- _Task details_
Only the pictures are to be omitted; every entry beneath should otherwise be duplicated exactly.

○ ○ ○ ○ ○

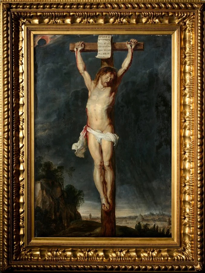 Lo studioso ha inoltre descritto alcuni aspetti che confermano la tipica impronta rubensiana: il corpo di Cristo, isolato e luminoso contro un cielo minaccioso; la posa inclinata in avanti, resa con un realismo doloroso sottolineato dalla tensione delle braccia; la città di Gerusalemme visibile sullo sfondo, rischiarata da una luce instabile mentre un temporale sembra avvicinarsi dietro le rocce del Golgota. Questa attenzione al dettaglio, sia emotivo sia atmosferico, è una caratteristica inconfondibile del pittore fiammingo.
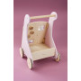 De Jabadabado Activity Wagon is de perfecte begeleider voor de allereerste stapjes van je kind. Deze houten loopwagen in een rustige, natuurlijke kleur helpt peuters op een veilige en speelse manier leren lopen.
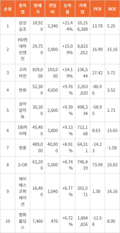 DB하이텍(000990)은 +9.13%의 등락률과 45,400원의 현재가를 기록했으며, 영풍(000670)은 +8.91%의 등락률과 489,000원의 현재가로 거래를 마쳤다. S-Oil(010950)은 +8.74%의 등락률과 62,200원의 현재가로 장을 마감했다. 제이에스코퍼레이션(194370)은 +6.77%의 등락률을 보이며 16,400원에 거래를 종료했고, 평화홀딩스(010770)는 +6.72%의 등락률과 7,460원의 현재가로 장을 마쳤다.
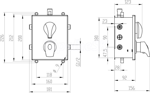 kategória distribúcie Novaservis: Vodovodní baterie | Termostatické baterie. Kvalitná a odolná, termostatická kartuš KEROX . so 7 ročnou zárukou. Prvotriedne chrómové prevedenie. Podomietková termostatická batéria s boxom pre 3 vývody vody a s keramickým prepínačom. Box je dodávaný spolu s krytom páky a prepínača.
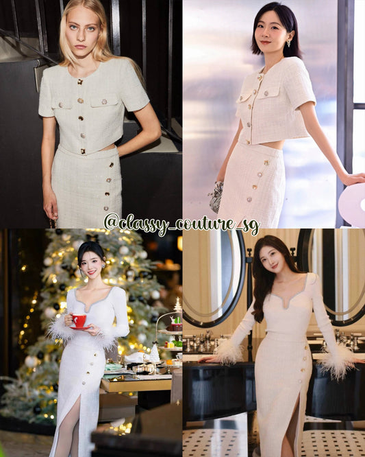 SP Cream Boucle Crop Top | Midi Skirt | Set
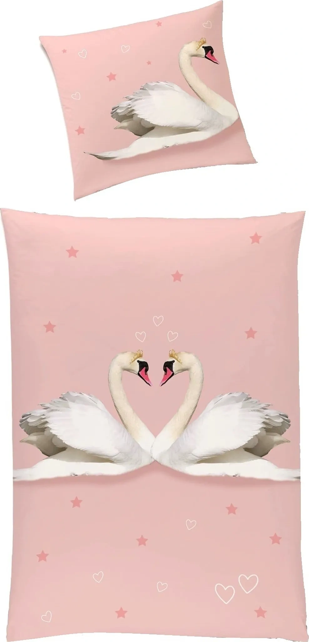 Warme Winterbettwäsche "Princess Swan in Love" – Flanell Biber Bettwäsche 135x200 cm & 80x80 cm
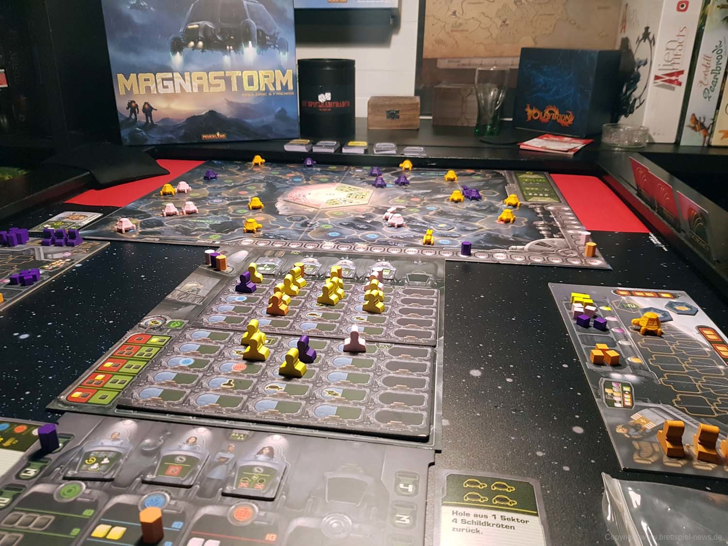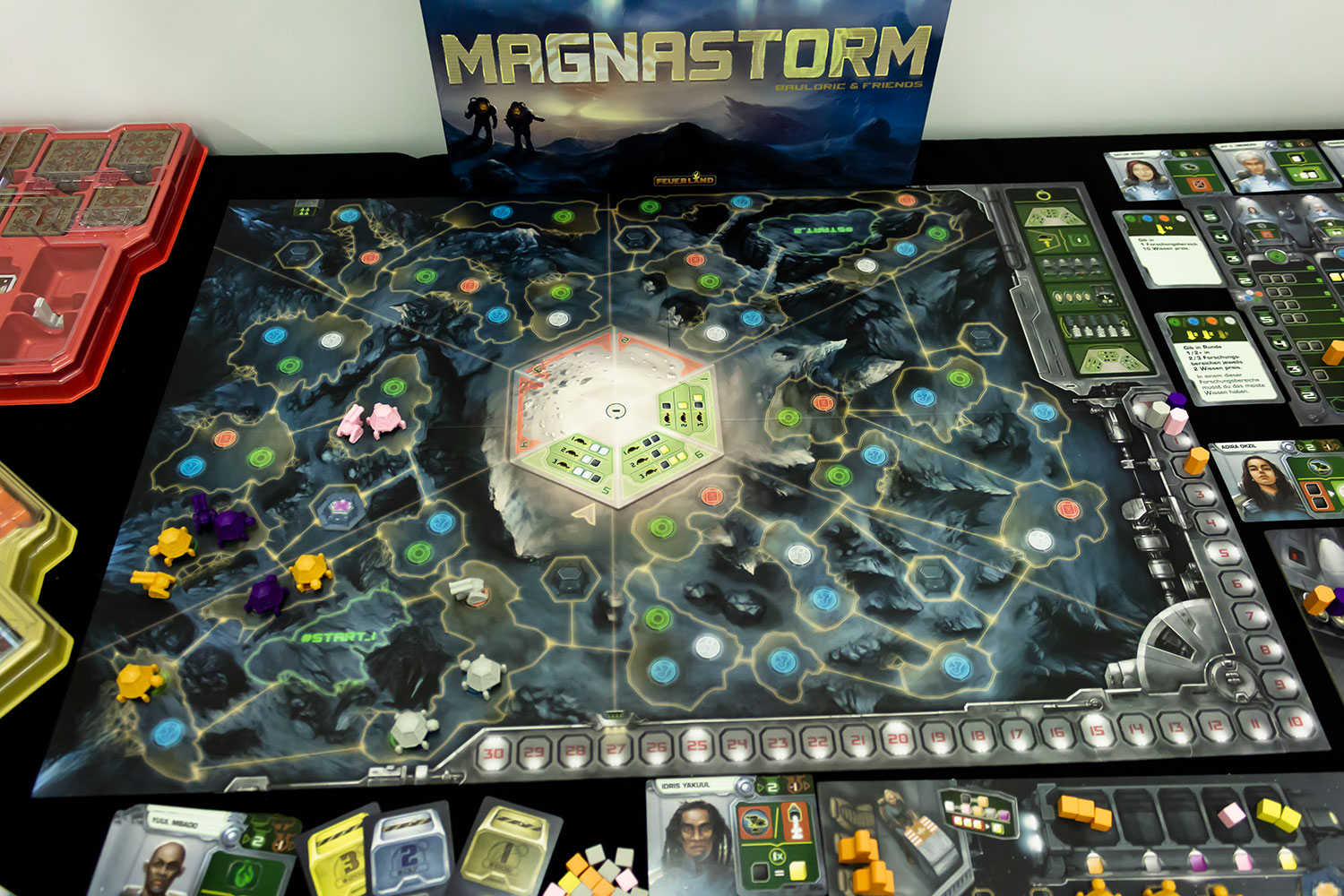 Das Ziel von Magnastorm ist es, der erste Spieler mit einer bestimmten Anzahl von Reputationspunkten zu sein. Sie erwerben Reputation vor allem durch die Erfüllung von Zielen, die Übernahme der Kontrolle über einen oder mehrere der acht Kommandanten und den Bau von Sendern. Der Ablauf des Spiels wird durch eine Aktionstafel mit zwei Aktionstafeln gesteuert, die jeweils aus fünf Spalten bestehen. Zu Beginn jeder Runde stehen in jeder Spalte auf der oberen Aktionsfläche 3-5 Aktionsmarken (Besatzungsmitglieder). Um eine Aktion auszuführen, einen Spieler:

○ ○ ○ ○ ○

- _Reply to the exercise_
 Lo studioso ha inoltre descritto alcuni aspetti che confermano la tipica impronta rubensiana: il corpo di Cristo, isolato e luminoso contro un cielo minaccioso; la posa inclinata in avanti, resa con un realismo doloroso sottolineato dalla tensione delle braccia; la città di Gerusalemme visibile sullo sfondo, rischiarata da una luce instabile mentre un temporale sembra avvicinarsi dietro le rocce del Golgota. Questa attenzione al dettaglio, sia emotivo sia atmosferico, è una caratteristica inconfondibile del pittore fiammingo.
 De Jabadabado Activity Wagon is de perfecte begeleider voor de allereerste stapjes van je kind. Deze houten loopwagen in een rustige, natuurlijke kleur helpt peuters op een veilige en speelse manier leren lopen.
 DB하이텍(000990)은 +9.13%의 등락률과 45,400원의 현재가를 기록했으며, 영풍(000670)은 +8.91%의 등락률과 489,000원의 현재가로 거래를 마쳤다. S-Oil(010950)은 +8.74%의 등락률과 62,200원의 현재가로 장을 마감했다. 제이에스코퍼레이션(194370)은 +6.77%의 등락률을 보이며 16,400원에 거래를 종료했고, 평화홀딩스(010770)는 +6.72%의 등락률과 7,460원의 현재가로 장을 마쳤다.
 kategória distribúcie Novaservis: Vodovodní baterie | Termostatické baterie. Kvalitná a odolná, termostatická kartuš KEROX . so 7 ročnou zárukou. Prvotriedne chrómové prevedenie. Podomietková termostatická batéria s boxom pre 3 vývody vody a s keramickým prepínačom. Box je dodávaný spolu s krytom páky a prepínača.
 SP Cream Boucle Crop Top | Midi Skirt | Set
 Warme Winterbettwäsche "Princess Swan in Love" – Flanell Biber Bettwäsche 135x200 cm & 80x80 cm
 Das Ziel von Magnastorm ist es, der erste Spieler mit einer bestimmten Anzahl von Reputationspunkten zu sein. Sie erwerben Reputation vor allem durch die Erfüllung von Zielen, die Übernahme der Kontrolle über einen oder mehrere der acht Kommandanten und den Bau von Sendern. Der Ablauf des Spiels wird durch eine Aktionstafel mit zwei Aktionstafeln gesteuert, die jeweils aus fünf Spalten bestehen. Zu Beginn jeder Runde stehen in jeder Spalte auf der oberen Aktionsfläche 3-5 Aktionsmarken (Besatzungsmitglieder). Um eine Aktion auszuführen, einen Spieler:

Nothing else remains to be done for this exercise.